National Archives of Australia www.naa.gov.au
First Australian Imperial Force Personnel Dossiers, 1914-1920
Woods, Charles Gordon (SN 2252) Charles was a 20 year grocer when he enlisted on April 14, 1915 - four months later he was Killed in Action at Lone Pine on the Gallipoli Peninsula - the date was listed as August the 8th or 9th, 1915. His next of kin was his father, Charles, of Essendon. Charles' connection to Koo Wee Rup is explained in this article which appeared in the Lang Lang Guardian of September 22, 1915. It's a bit hard to read, so I have transcribed it, below.
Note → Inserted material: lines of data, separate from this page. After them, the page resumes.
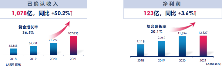 報告期間內,營業收入達到1002億元,同比增長52.4%;年內利潤76.87億元,較去年增長33.4%;核心凈利潤57.65億元,同比增長44.4%;每股盈利達到1.31億元,同比增長24.8%。
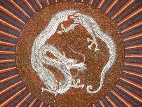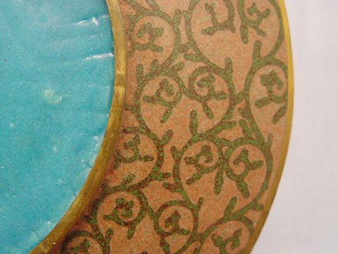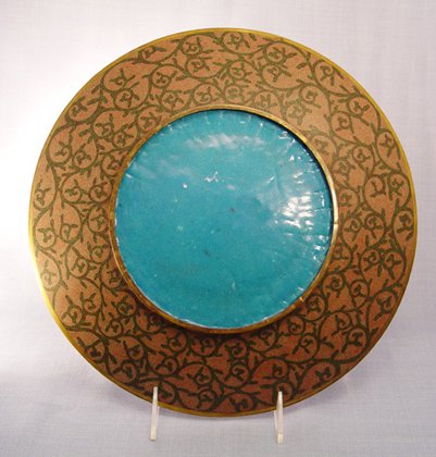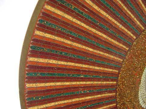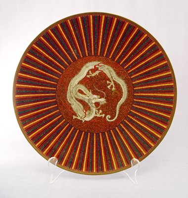GOLDSTONE CLOISONNE ENAMEL DRAGON CHARGER: Unusual striped design centering a white dragon, 12'' dia.
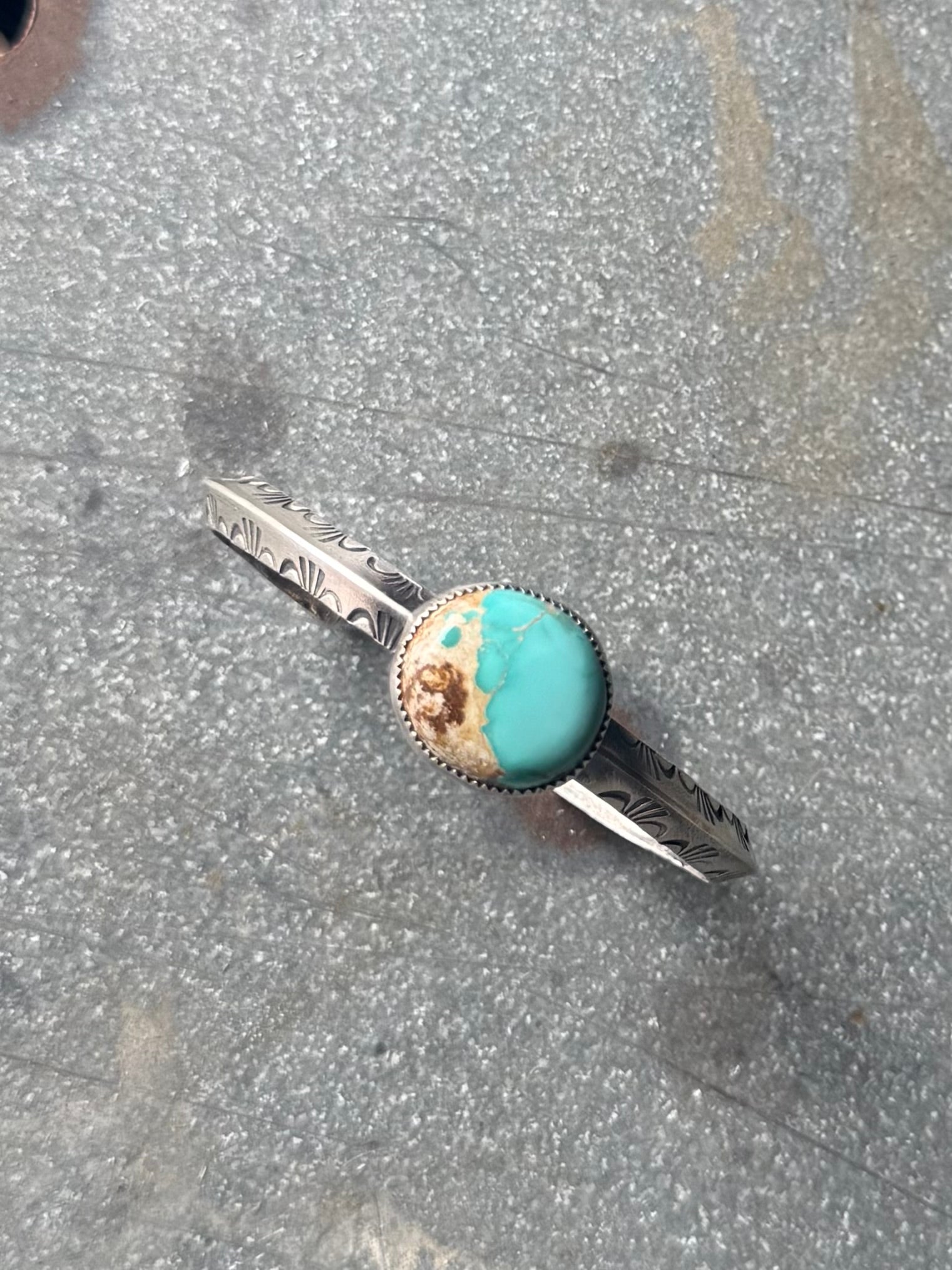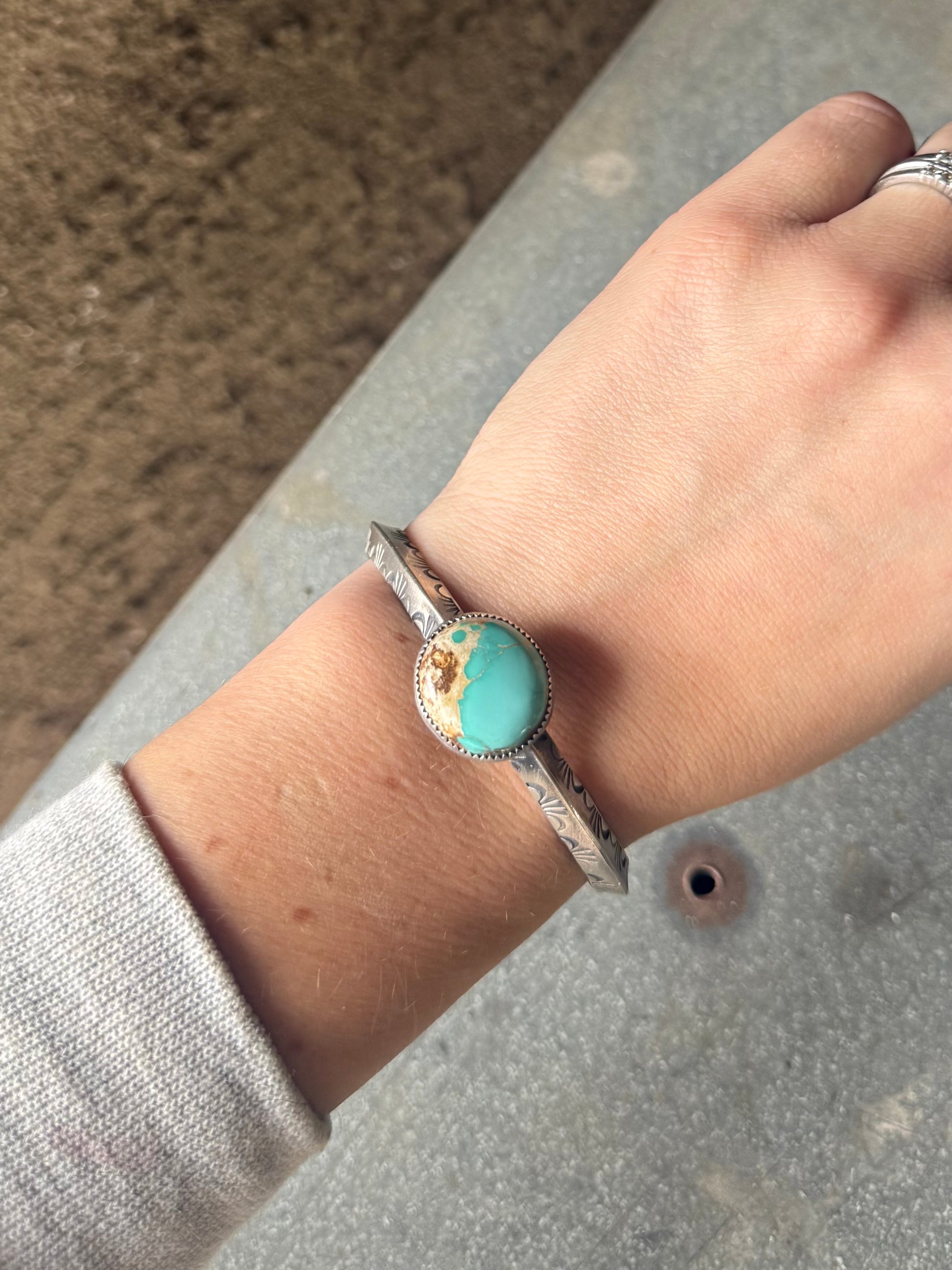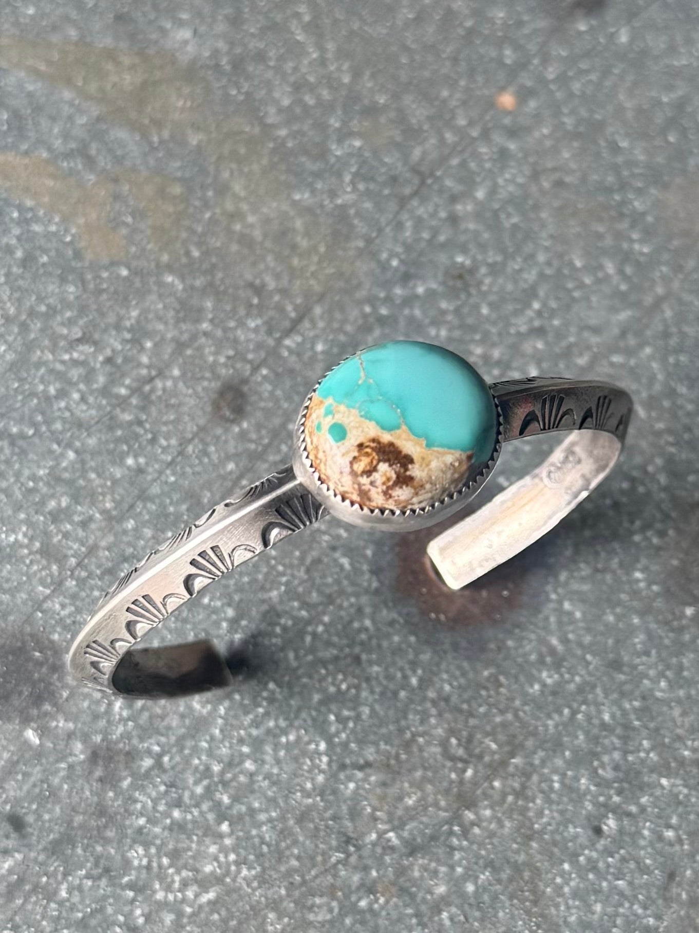 High grade royston turquoise set in fine and sterling silver on a 5.5” sterling silver band. Not measuring gap. See photos for size.
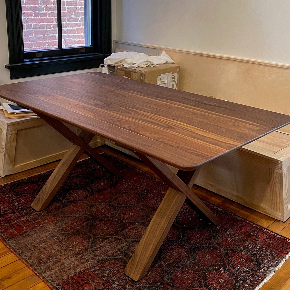 Walnut Kitchen Table, Walnut Table for Eat-In Kitchen, Black Walnut Dining Table on Flat Walnut X Legs, Modern Farmhouse Kitchen Table

Lang Lang Guardian September 22, 1915
Amongst the Fallen - Private Woods
We deeply regret to record the death in action at the Dardanelles of one of our Koo Wee Rup boys, Pte Charles Gordon Woods, son of Mr & Mrs C. Woods of Essendon and nephew of Mr and Mrs Stephens of Koo Wee Rup and Mr and Mrs Christin of Dalmore. He offered his services about six months ago and was not then accepted, but shortly afterwards, again offered himself and was passed. He was in camp at Broadmeadows and was afterwards transferred to Seymour, in the 7th Battalion, 6th Reinforcements. He left for Egypt in June and in a letter received from him, dated July 14, he gave a very interesting description of his travels in that land. Again in a letter dated 30th August he mentioned he was sailing for the Front on September 1st so that he could not have been at the Front more than two or three days when he fell for his Country. After leaving School he went to work in The Age office but this did not agree with his health and about four years ago he came to his uncle, Mr Stephens at Koo Wee Rup for whom he worked up to the time he enlisted. He is the first local soldier who has fallen in his country's cause and deep feelings of regret have been expressed by his large circle of friends.
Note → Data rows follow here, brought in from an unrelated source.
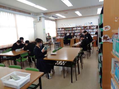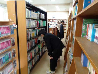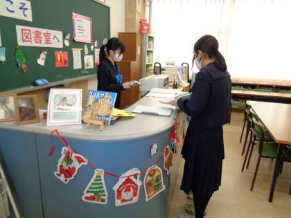 2年生の国語です。冬休みの読書のために本を探したり、借りたりしていました。
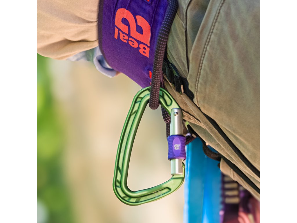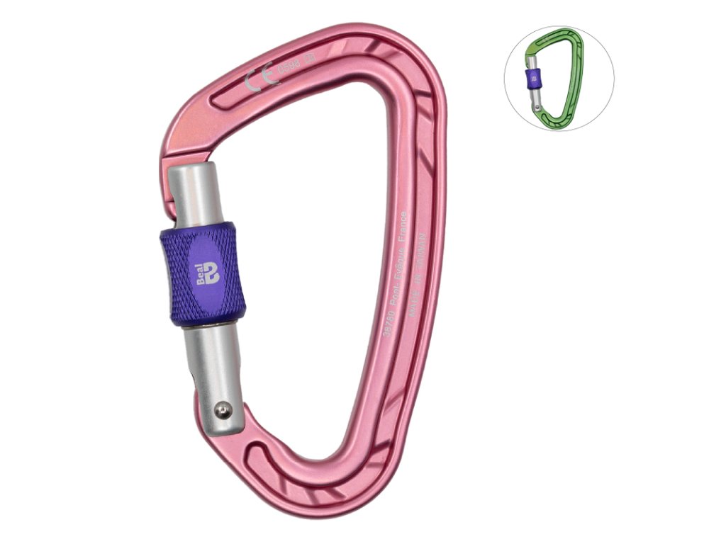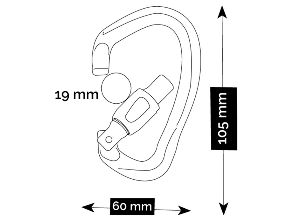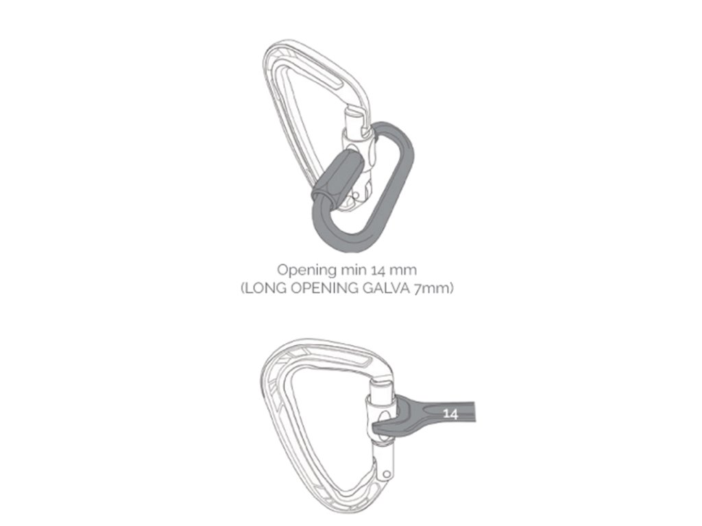 Asymetrická „D“ keylocková karabina se šroubovací pojistkou zámku, upravenou pro pevné dotažení klíčem (14). Karabina Be Quick je vhodná pro zajištění ve štandu.
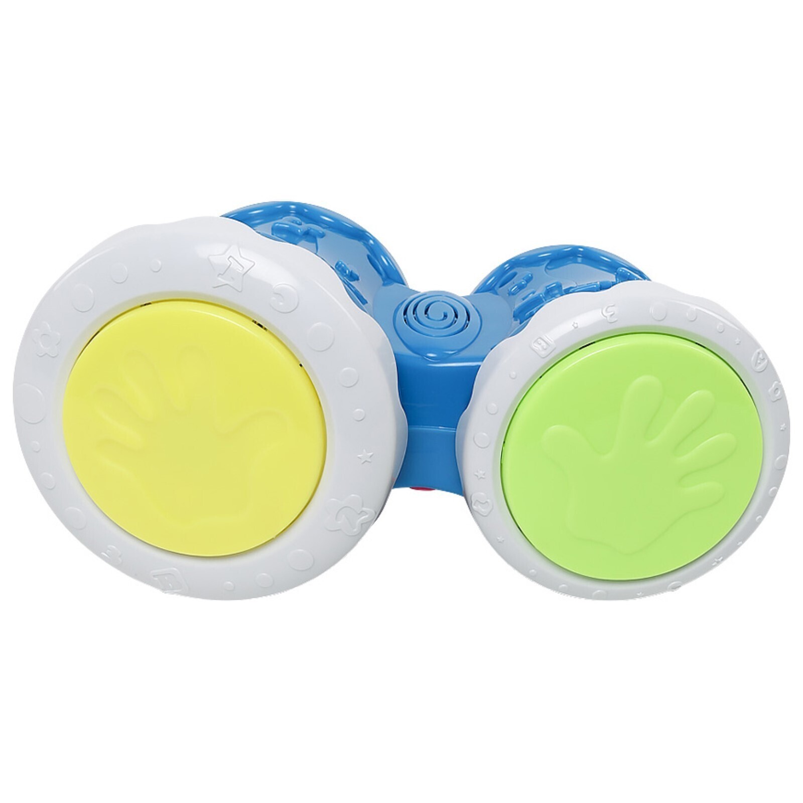 Игрушка выглядит как двухсоставной барабан с синим основанием. При нажатии на звуковые кнопки раздаются занятные мелодии с подсветкой барабанного поля.
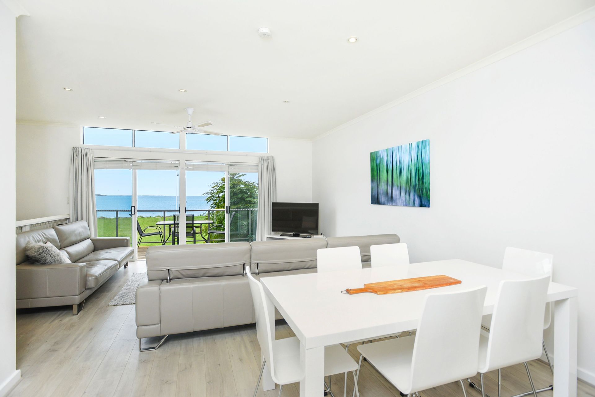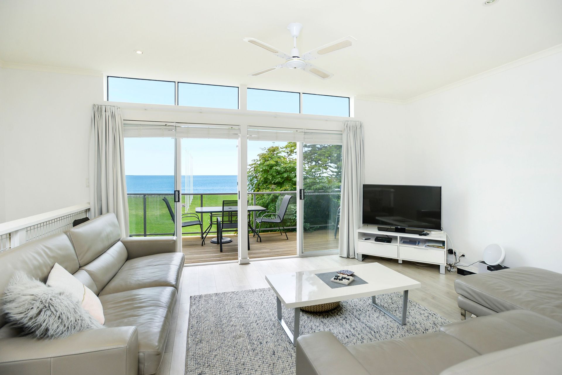 This fabulous, newly renovated beachfront townhouse has superb sea views from the balcony, kitchen, dining and living areas. Large balcony with outdoor setting, alfresco umbrella and BBQ. Modern throughout. Fully equipped kitchen with microwave, dishwasher and plumbed water filter. Dining and living area with flat screen TV, ipod dock and reverse cycle air conditioner. One queen bedroom upstairs, separate toilet and vanity.
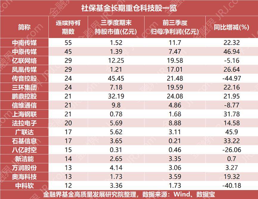 据数据宝统计,截至今年前三季度,有6只科技股票被社保基金连续重仓达24个季度(即6年)及以上。
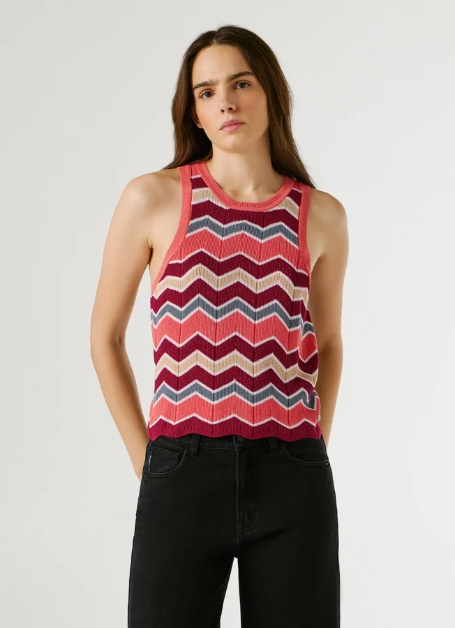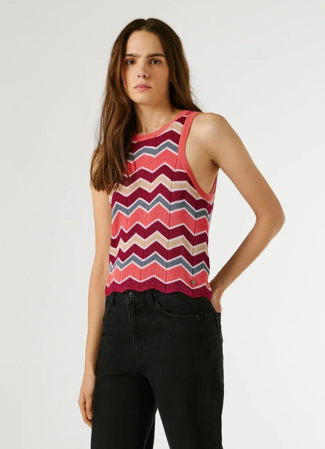 – Circular metal plaque with PEPE JEANS logo sewn on hem

Some of the information in the article does not tally with the facts in his service record, but that is to be expected with communications of the era. Charles, born 1894, was the son of Charles Woods and Minnie Margaret (nee Hazlett). Minnie died the year after her son was born in 1895. Charles' uncle and aunty, Mr and Mrs Stephens, were Arthur William Stephens and his wife Frances Edith (nee Hazlett) - Charles was a storekeeper. The other uncle and aunty, Mr and Mrs Christin, were actually Samuel Kerr Christie and his wife Rebecca Evelyn (nee Hazlett) - Samuel was a farmer of Dalmore.